This course addresses recorded vocal performances and the technologies used to highlight and support them in modern record production and mixes. Most of us know that vocals serve as the focal point of modern recordings but many do not know the tools used or when the tools are used best in modern record production.
The course begins with simple vocal placement in a mix, where you will also learn the fundamentals of compression and equalization. You’ll further study delays and reverbs before moving to advanced concepts in audio editing, synthetic processing, automatic & graphic pitch correction, time compression, time expansion, flex and elastic audio.
Through analysis and/or hands on projects that the students will post for peer review, the student will gain an understanding of the many choices available to modern record producers as they record and mix with a modern tool set. You’ll see, in action, the Vocoder, Auto-Tune, Melodyne, Elastic Audio, Flex Time, VocAlign, tempo based editing and a host of other file modification protocols that are readily available on most Digital Audio Workstations. This course gives students a thorough look at the expanded choices that have risen in the art of vocal production as a result of these modern tools.
The goal of the course is to help interested novices understand the recordings they are listening to, performers find an expanded language for their recorded voices and for vocal producers to be able to create musically artistic visualizations using singers as their paintbrushes.
Welcome To The Art of Vocal Production Welcome to The Art of Vocal Production! In this module, we will cover all the details about how this course works and what you'll need to know to get the most out of your course experience.

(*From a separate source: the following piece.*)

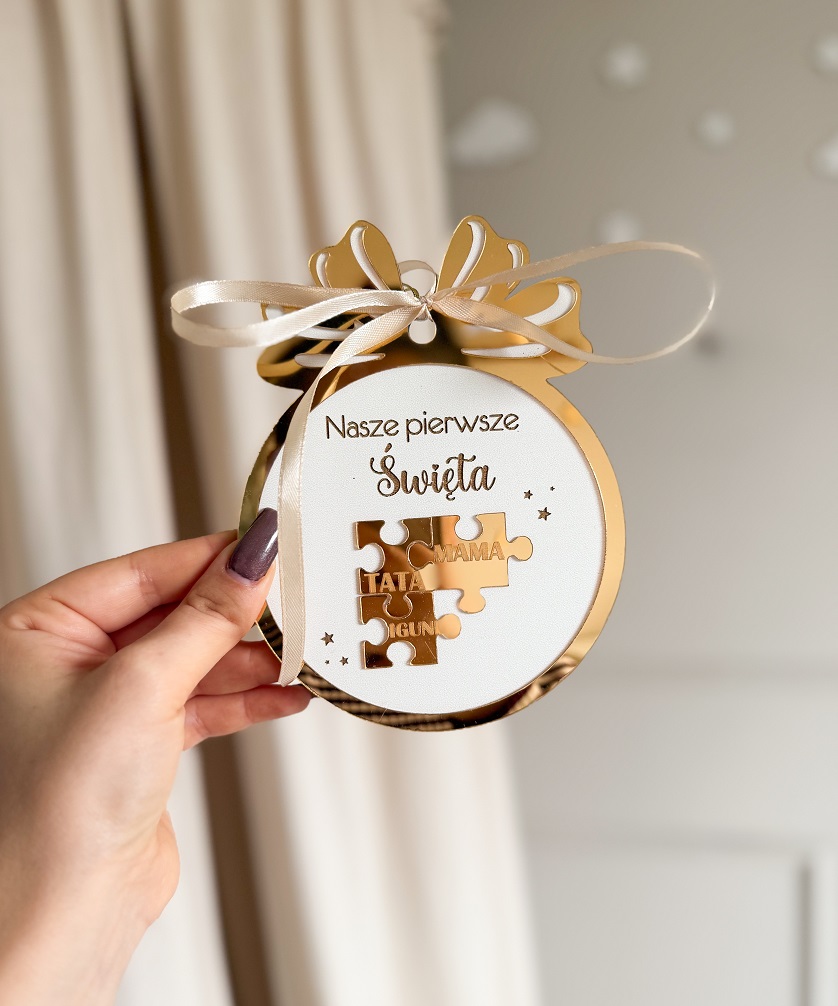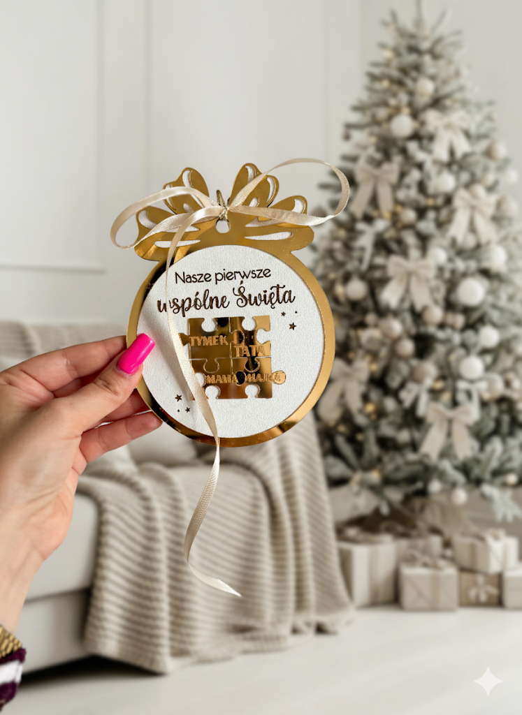 Bombka z efektem 3D. Zakończona sznureczkiem oraz wstążeczką w kolorze beżowym.

Natural Vocal Design: How Vocal Producers Create By the end of this lesson you will understand vocal placement within the stereo field and how recording a vocalist multiple times can create various types of listening experiences. You will understand level, phase, phantom center, panning, balance, equalization and compression concepts used in modern recordings. Your ability to listen to music will be expanded and you will probably never listen to vocals in music the same way ever again once you have been exposed to these simple concepts
Artificial Vocal Design: How Vocal Producers “Sweeten” the Creation In this lesson, we will lean less on the vocalist and more on tools that can be used to change the way we listen to vocals in music. You will now understand how delays and reverbs have been used in the music you love and their relationship to time and tempo. Your desire to try out some of these techniques will be piqued by the time you finish this lesson.
Vocal Time Compression and Expansion: Tools of the Trade In this lesson the nature of the DAW (Digital Audio Workstation) will be demystified and simplified. You will understand time as an absolute concept, time as a relative concept and further grasp the utility of the sample rate and bit depth parameters in your audio software. You will be shown tools that can change a song from a ballad to a dance record and vice versa. Many modern vocal production tools exist in software that might already be on your computer; but if you do not have such tools, you will document the use of these concepts via in-depth analysis of current and emerging music.
Vocal Pitch Correction and Tuning: More tools of the Trade In this lesson, you will learn some of the industry standard pitch correction and tuning tools. Although you will gain an understanding and appreciation of how easy the job of a vocalist can be when these tools are used, you will also learn that your first lesson in simple performance and placement is still the most potent skill in your art of vocal production arsenal.